● **Data for review**
= = = =
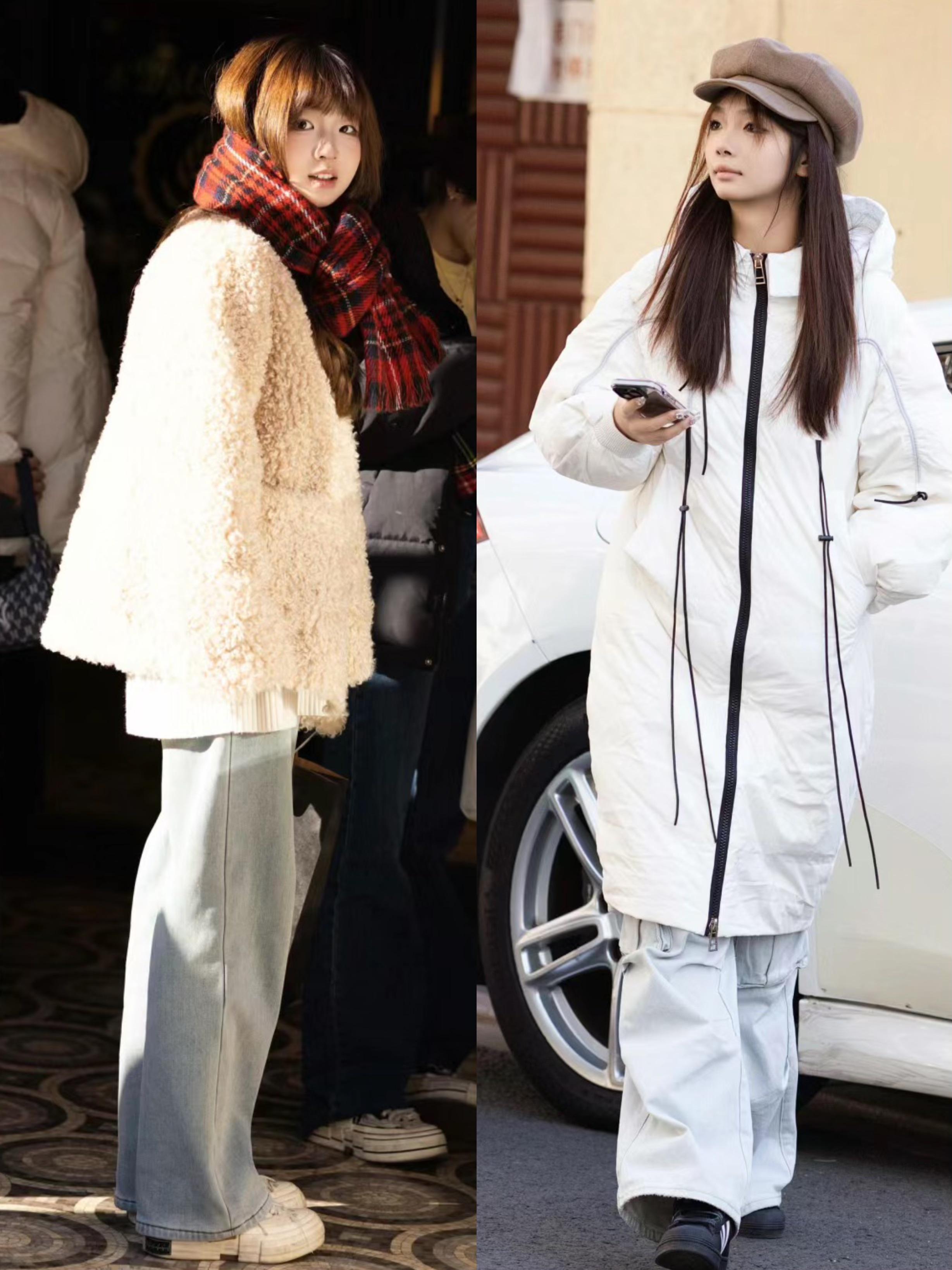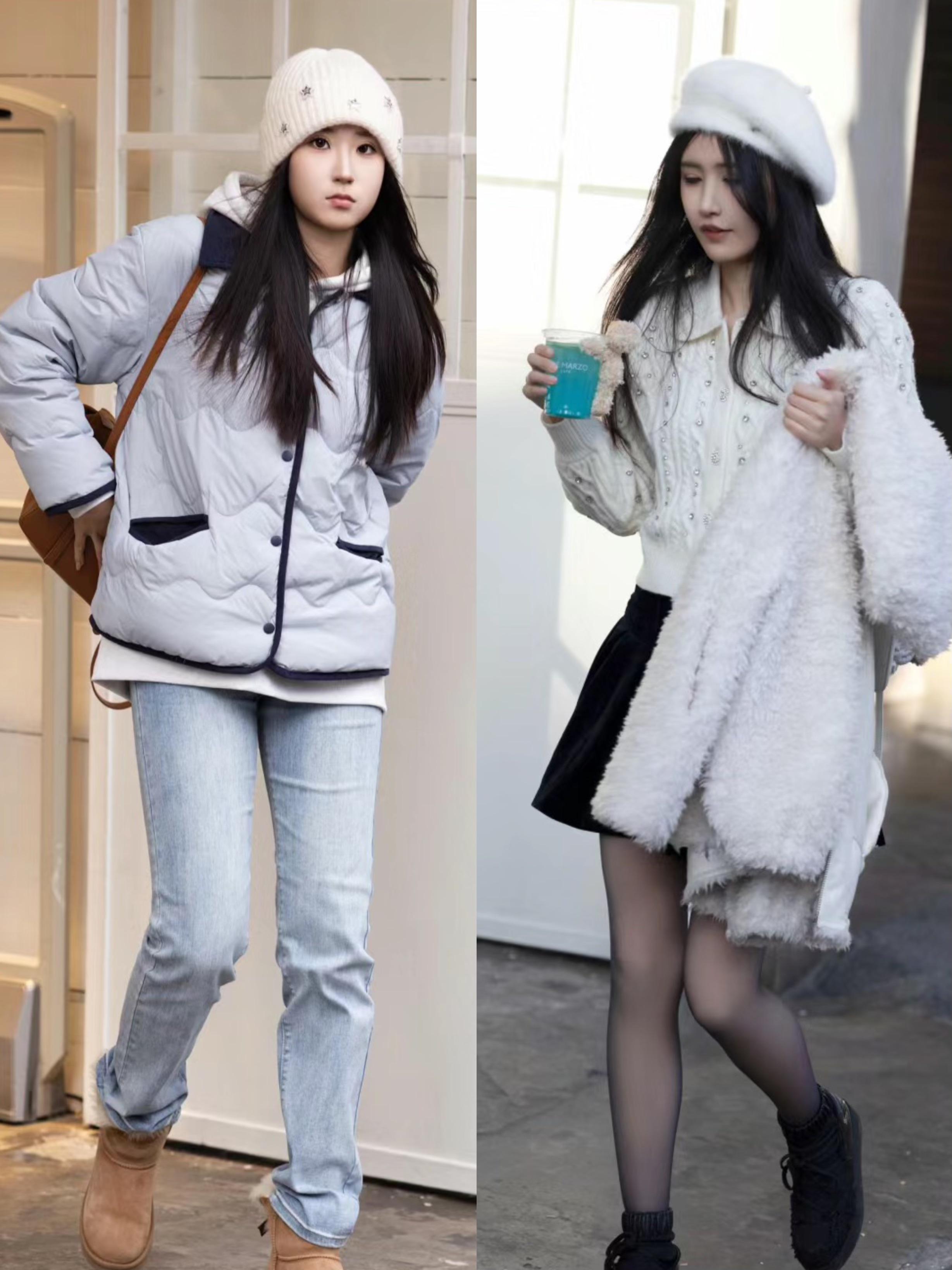 我們可以穿絎縫設計的短款羽絨服,來搭配淺藍色的牛仔褲。也可以穿白色系的針織衫、打底衫,來搭配白色羊羔絨外套。其實白色系的針織衫/打底衫,在冬天裏也很實用。
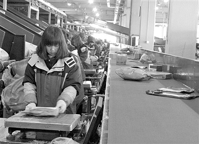 圓通公司員工在為快件稱重。本報(bào)記者 李鵬翔攝
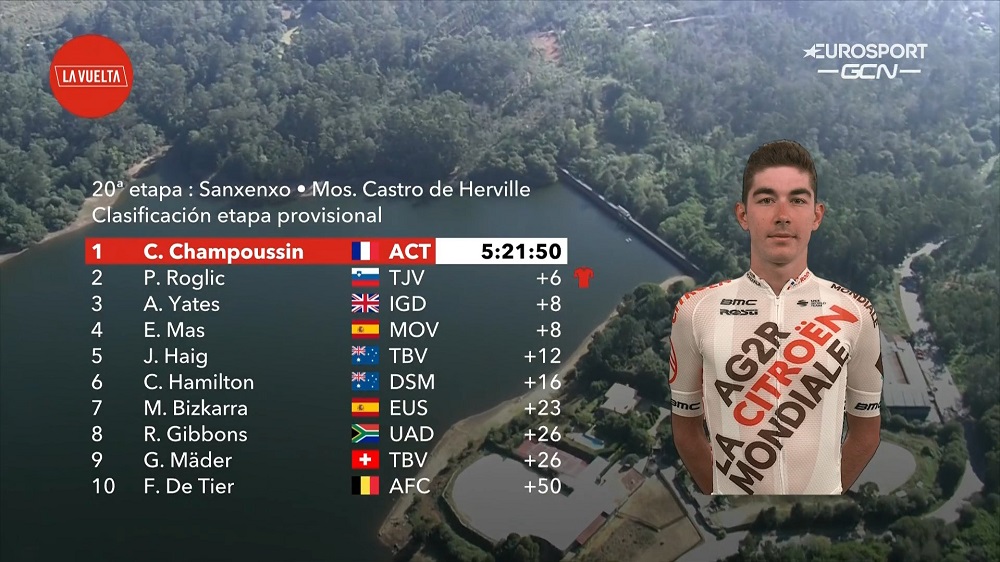 El francés Clément Champoussin (AG2R-Citroen Team) ganó una movida etapa 20 de La Vuelta a España 2021, donde consiguió el triunfo en un remate en los metros finales para ganarle al pelotón de los 4 favoritos que venía en punta (Roglic, Haig, Mas y Yates) y con una polémica en torno al colombiano Miguel Ángel López, que abandonó la carrera.
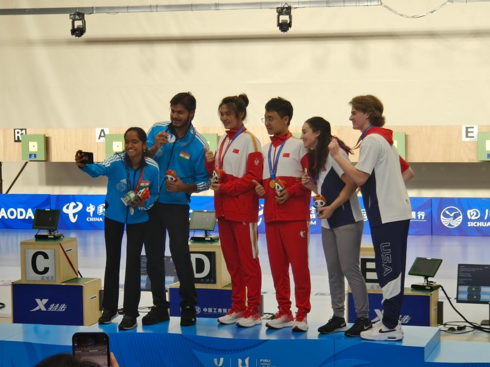 當(dāng)天,射擊賽場的頒獎(jiǎng)儀式現(xiàn)場變成了全場一起慶生的歡樂景象。在10米氣步槍混合團(tuán)體項(xiàng)目獲得銀牌的印度姑娘瓦拉里萬站在領(lǐng)獎(jiǎng)臺(tái)上,在“生日快樂”的祝福聲中,伴著現(xiàn)場觀眾的掌聲,與一同參加頒獎(jiǎng)儀式的中國、美國選手們拍照留念。
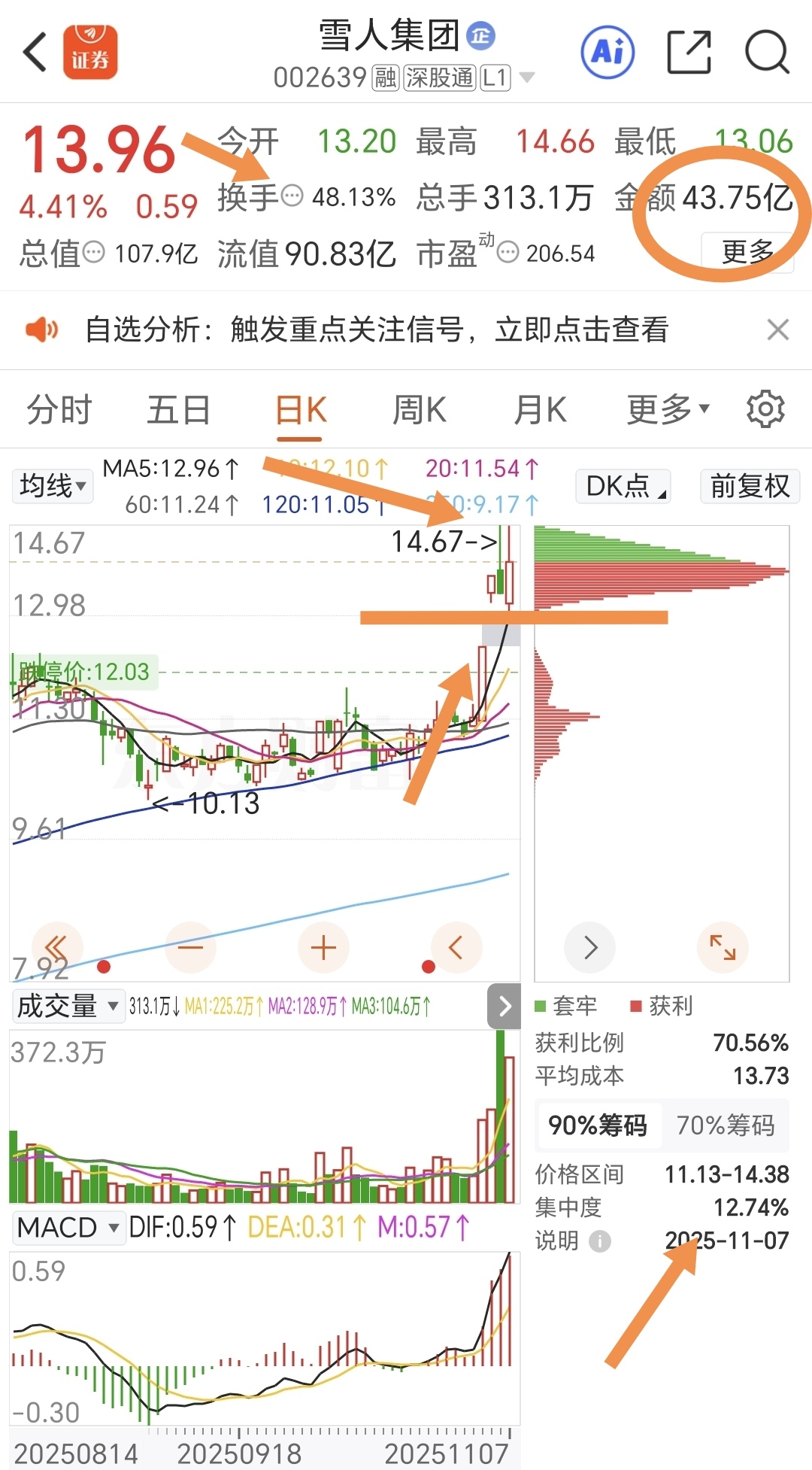 雪人股份:冰雪经济+可控核聚变+福建板块+数据中心+华为概念!强势两涨停后,断板爆量高换手,50%充换手,较充分释放抛压,周五强分歧消化获利盘,五日线上方运行,目前货支撑,筹码峰单峰密集,12.74%,后续关注5日线上方运行,可以留意量能维持状态下趋势上行可能。
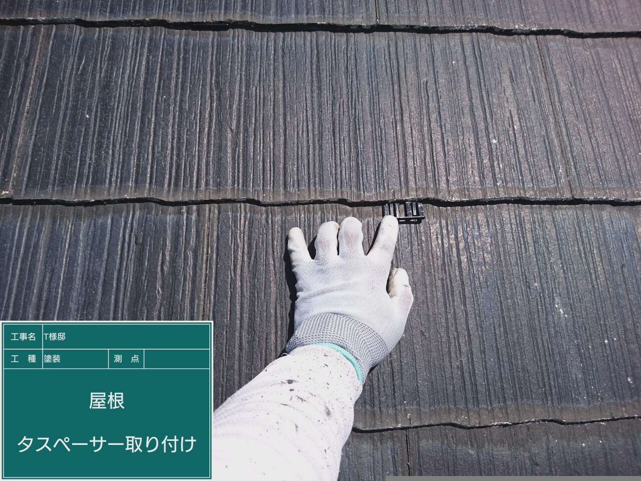 腐食や雨漏れを防ぐためタスペーサーを取り付けていきます。
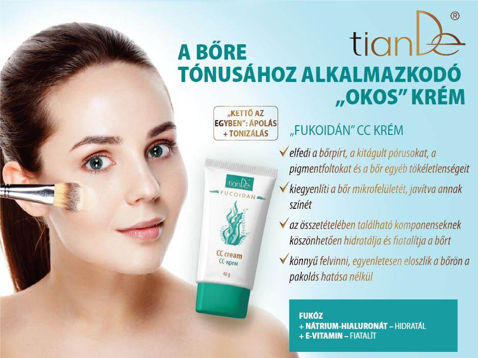 A bőr tökéletlenségeinek súytalan és megbízható eltüntetése! ápolás és védelem, ideális tónus és hidratált arcbőr. Mindez a TianDe Fucoidan termékcsaládjában megjelenő első CC krémnek köszönhetően.
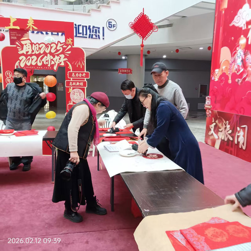 臘月二十五,營(yíng)口市圖書大廈一樓大廳寬敞明亮,舞臺(tái)和背景以大紅為底色,格外喜慶。“2026年福至萬(wàn)家送春聯(lián)活動(dòng)”在這里隆重舉行。今天,我市的楹聯(lián)學(xué)會(huì)的書法家們齊聚一堂,現(xiàn)場(chǎng)揮毫潑墨,為與會(huì)的百余位嘉賓寫聯(lián)送福。人們爭(zhēng)先恐后,選出心儀的詩(shī)句,在歡樂(lè)的氣氛中,加深了對(duì)傳統(tǒng)文化的認(rèn)同,對(duì)營(yíng)口楹聯(lián)學(xué)會(huì)不辭辛苦,義務(wù)為群眾服務(wù),和市圖書大廈面向社會(huì),積極投入,精心組織大加贊揚(yáng)。
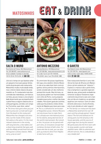 Este restaurante familiar é uma referência há mais de 30 anos em Matosinhos e já tem estatuto de “clássico”! O peixe e o marisco são o ponto forte, mas a lampreia é a grande especialidade da casa, provocando verdadeiras romarias na época! Gostamos especialmente da primeira sala com o balcão corrido em madeira e os grandes aquários com marisco. Com um atendimento atencioso e muito eficiente, este é sem dúvida um valor seguro! 3 This family-run restaurant has been a Matosinhos landmark for over 30 years and has already gained ‘classic’ status! The fish and seafood are its strong point, but the lamprey is the house speciality, and the source of pilgrimage here during the season! We particularly like the first room with its long wooden counter and large shellfish tanks. With its attentive and efficient service, this is undoubtedly a very reliable bet!
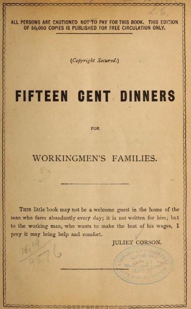 Corson, Juliet. The Cooking Manual of Practical Directions for Economical Every-Day Cookery. New York, Dodd, Mead & co, 1877.
= = = =
● **Action item**
Please transcribe all of the entries word for word, with the pictures left out.

● **Output**
 我們可以穿絎縫設計的短款羽絨服,來搭配淺藍色的牛仔褲。也可以穿白色系的針織衫、打底衫,來搭配白色羊羔絨外套。其實白色系的針織衫/打底衫,在冬天裏也很實用。
 圓通公司員工在為快件稱重。本報(bào)記者 李鵬翔攝
 El francés Clément Champoussin (AG2R-Citroen Team) ganó una movida etapa 20 de La Vuelta a España 2021, donde consiguió el triunfo en un remate en los metros finales para ganarle al pelotón de los 4 favoritos que venía en punta (Roglic, Haig, Mas y Yates) y con una polémica en torno al colombiano Miguel Ángel López, que abandonó la carrera.
 當(dāng)天,射擊賽場的頒獎(jiǎng)儀式現(xiàn)場變成了全場一起慶生的歡樂景象。在10米氣步槍混合團(tuán)體項(xiàng)目獲得銀牌的印度姑娘瓦拉里萬站在領(lǐng)獎(jiǎng)臺(tái)上,在“生日快樂”的祝福聲中,伴著現(xiàn)場觀眾的掌聲,與一同參加頒獎(jiǎng)儀式的中國、美國選手們拍照留念。
 雪人股份:冰雪经济+可控核聚变+福建板块+数据中心+华为概念!强势两涨停后,断板爆量高换手,50%充换手,较充分释放抛压,周五强分歧消化获利盘,五日线上方运行,目前货支撑,筹码峰单峰密集,12.74%,后续关注5日线上方运行,可以留意量能维持状态下趋势上行可能。
 腐食や雨漏れを防ぐためタスペーサーを取り付けていきます。
 A bőr tökéletlenségeinek súytalan és megbízható eltüntetése! ápolás és védelem, ideális tónus és hidratált arcbőr. Mindez a TianDe Fucoidan termékcsaládjában megjelenő első CC krémnek köszönhetően.
 臘月二十五,營(yíng)口市圖書大廈一樓大廳寬敞明亮,舞臺(tái)和背景以大紅為底色,格外喜慶。“2026年福至萬(wàn)家送春聯(lián)活動(dòng)”在這里隆重舉行。今天,我市的楹聯(lián)學(xué)會(huì)的書法家們齊聚一堂,現(xiàn)場(chǎng)揮毫潑墨,為與會(huì)的百余位嘉賓寫聯(lián)送福。人們爭(zhēng)先恐后,選出心儀的詩(shī)句,在歡樂(lè)的氣氛中,加深了對(duì)傳統(tǒng)文化的認(rèn)同,對(duì)營(yíng)口楹聯(lián)學(xué)會(huì)不辭辛苦,義務(wù)為群眾服務(wù),和市圖書大廈面向社會(huì),積極投入,精心組織大加贊揚(yáng)。
 Este restaurante familiar é uma referência há mais de 30 anos em Matosinhos e já tem estatuto de “clássico”! O peixe e o marisco são o ponto forte, mas a lampreia é a grande especialidade da casa, provocando verdadeiras romarias na época! Gostamos especialmente da primeira sala com o balcão corrido em madeira e os grandes aquários com marisco. Com um atendimento atencioso e muito eficiente, este é sem dúvida um valor seguro! 3 This family-run restaurant has been a Matosinhos landmark for over 30 years and has already gained ‘classic’ status! The fish and seafood are its strong point, but the lamprey is the house speciality, and the source of pilgrimage here during the season! We particularly like the first room with its long wooden counter and large shellfish tanks. With its attentive and efficient service, this is undoubtedly a very reliable bet!
 Corson, Juliet. The Cooking Manual of Practical Directions for Economical Every-Day Cookery. New York, Dodd, Mead & co, 1877.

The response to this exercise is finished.